Monday, July 18, 2011

Mission Impossible? Am I failing?

**Caution! This contains booby talk of a non-sexual nature! It may be considered TMI to some of you!**

Austin is 7 and a half months old & we are still breastfeeding. I have no clue when I want to stop. I don't see myself still nursing him when he's, say, 5, but as of right now, I have no plans of stopping anytime soon. Originally, I thought it'd be difficult to "stick with it" for a year, but his first birthday is rapidly approaching & I'm still as gung-ho about it as I was when we first started. Maybe more so now that my milk supply is established (for the most part, but I'll get to that in a minute), my breasts are no longer super engorged, my nipples are no longer constantly cracked & I don't have the problems with leaking that I used to.

Sure, I miss my sleep. I had completely forgotten how a breastfed baby doesn't really start sleeping through the night like a formula-fed baby. At least not consistently. I might have a reprieve every so often, but so far it hasn't been a regular occurance. It would also be nice to be able to just give him a bottle when we're driving down the road, instead of having to find a parking spot & get him out of his carseat so I can nurse him. (I have pretty much been a breastfeeding "purist" so far, and have never pumped a bottle for him)

On the other hand, I have never had to wake up to his cry in the middle of the night & have to stumble blindly down the hallway to the kitchen to fix him a bottle. For the most part, once I nurse him in the middle of the night, he goes right back to sleep without an issue. As for feedings on the go, I don't have to worry about giving him a cold bottle to drink, worry about warming up a bottle, worry about forgetting the formula at home. Nothing. No worries. Just perfectly warmed super healthy milk ready for him instantly! Woohoo! LOL

But I do have a problem. See, about 10 years ago I had to have a lumpectomy on one of my breasts. What that means, is I had a very large lump in my breast & given my family history of breast cancer, they wanted it (the lump) removed immediately. I quit breastfeeding my daughter at this time. She was 6 months old. When I was pregnant with my first son, that breast got an abcess on it, right on the scar from the surgery. The doctor said that what might have happened was that the scar tissue could be blocking some of my milk ducts. Anyone who has ever breastfed knows that milk doesn't come out of just one hole in your nipple, but rather from out of a multitude of tiny holes. Apparently some of my holes are out-of-service, so to speak. This angers my little guy. (I did not breastfeed my older son) So he has always favored my other breast. The land of milk & honey ;-). Who can blame him? I'm gonna always choose the shower head with the awesome strong water pressure, ya know? Who wants a piddly drizzle?

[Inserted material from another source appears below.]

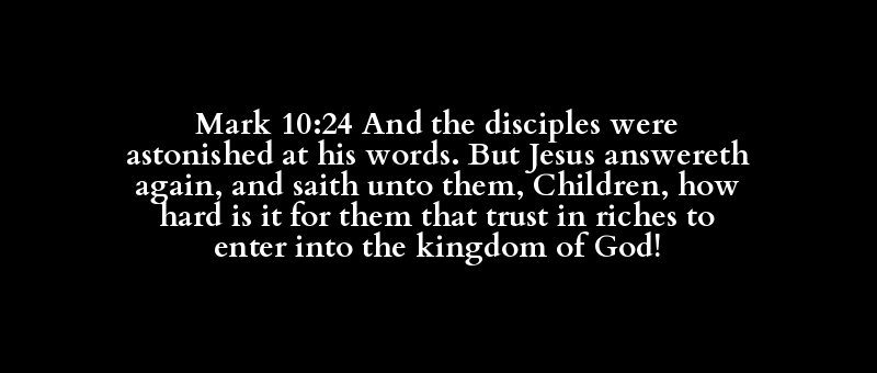 Mark 10:24 And the disciples were astonished at his words. But Jesus answereth again, and saith unto them, Children, how hard is it for them that trust in riches to enter into the kingdom of God!
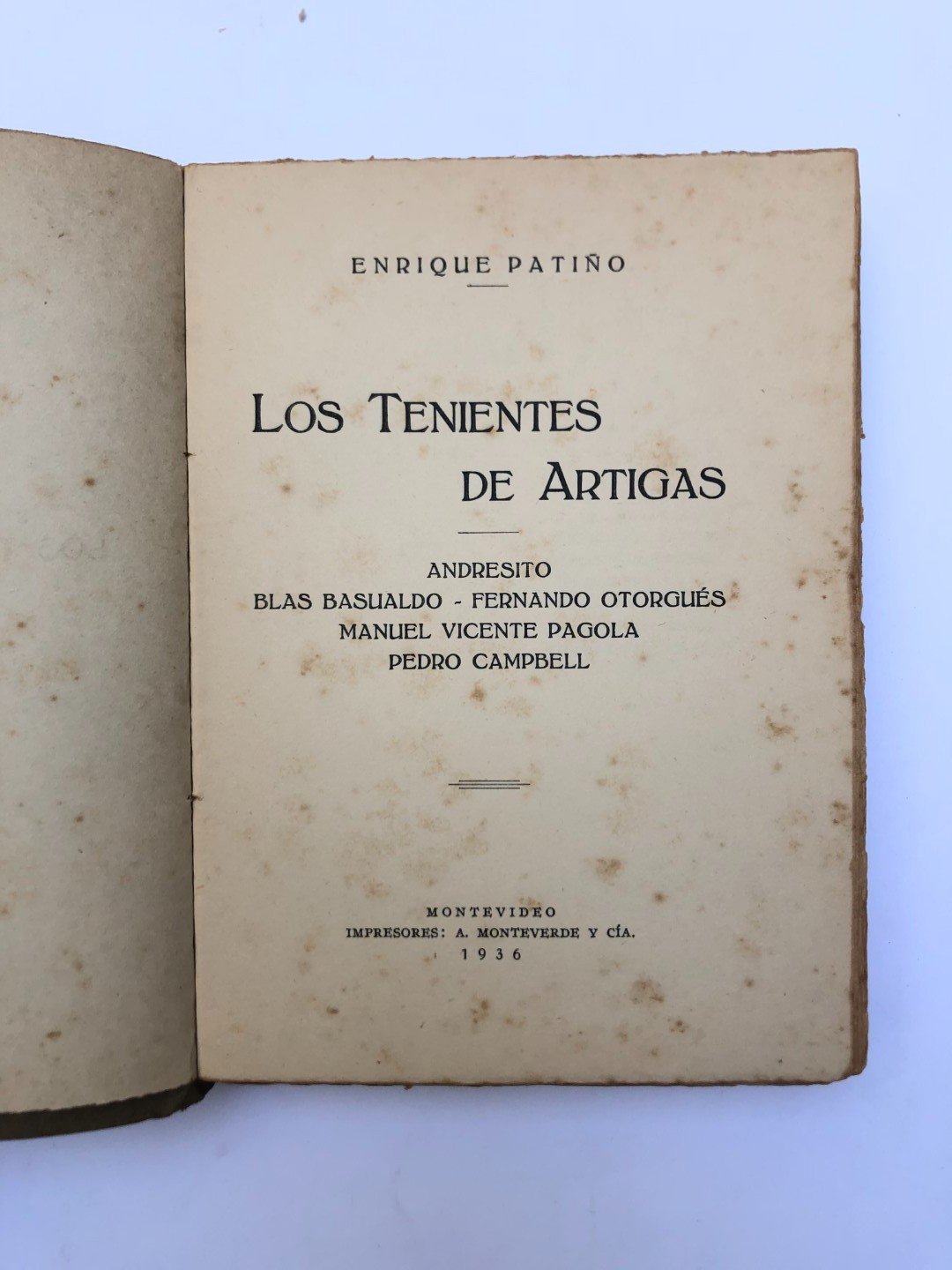 PATIÑO, Enrique: Los tenientes de Artigas (…). Montevideo, Impresores A. Monteverde & Cia. 1936. Encuadernación rústica del editor.

That's where my trouble begins. Because he hates the "slow flow" one, he fusses whenever I settle him down to nurse on that side. He won't do it. You can lead a baby to the nipple, but you can't make him drink! But now that breast has realized that it's....less desirable. (to the baby! My husband & I like it just fine!) But the milk supply in that side has dropped considerably. I need to boost the milk production in it, despite what I have been told that it will be a fruitless effort. I've been told that this is the beginning of the end (& that breast will soon just stop producing milk). Apparently, when a breast's milk supply starts to go down, the sodium level rises, making the milk taste saltier. And who wants to drink salty milk? So the baby really starts to hate that breast, which in turn leads to the milk drying up completely.

But I refuse to give up. Here is my plan: I have begun drinking Milkmaid tea (by Earth Mama Angel Baby), which has been proven to raise milk levels. After just a couple of days of drinking it, I have noticed that Austin has been nursing on that side longer! I am thinking that if I began also pumping on that side, in addition to drinking the tea, I could bring milk production in that breast back up to normal! Wouldn't that be great?!

What do you think? Does it sound like an impossible feat? What about your little breastfeeder? Does he or she prefer one breast over the other?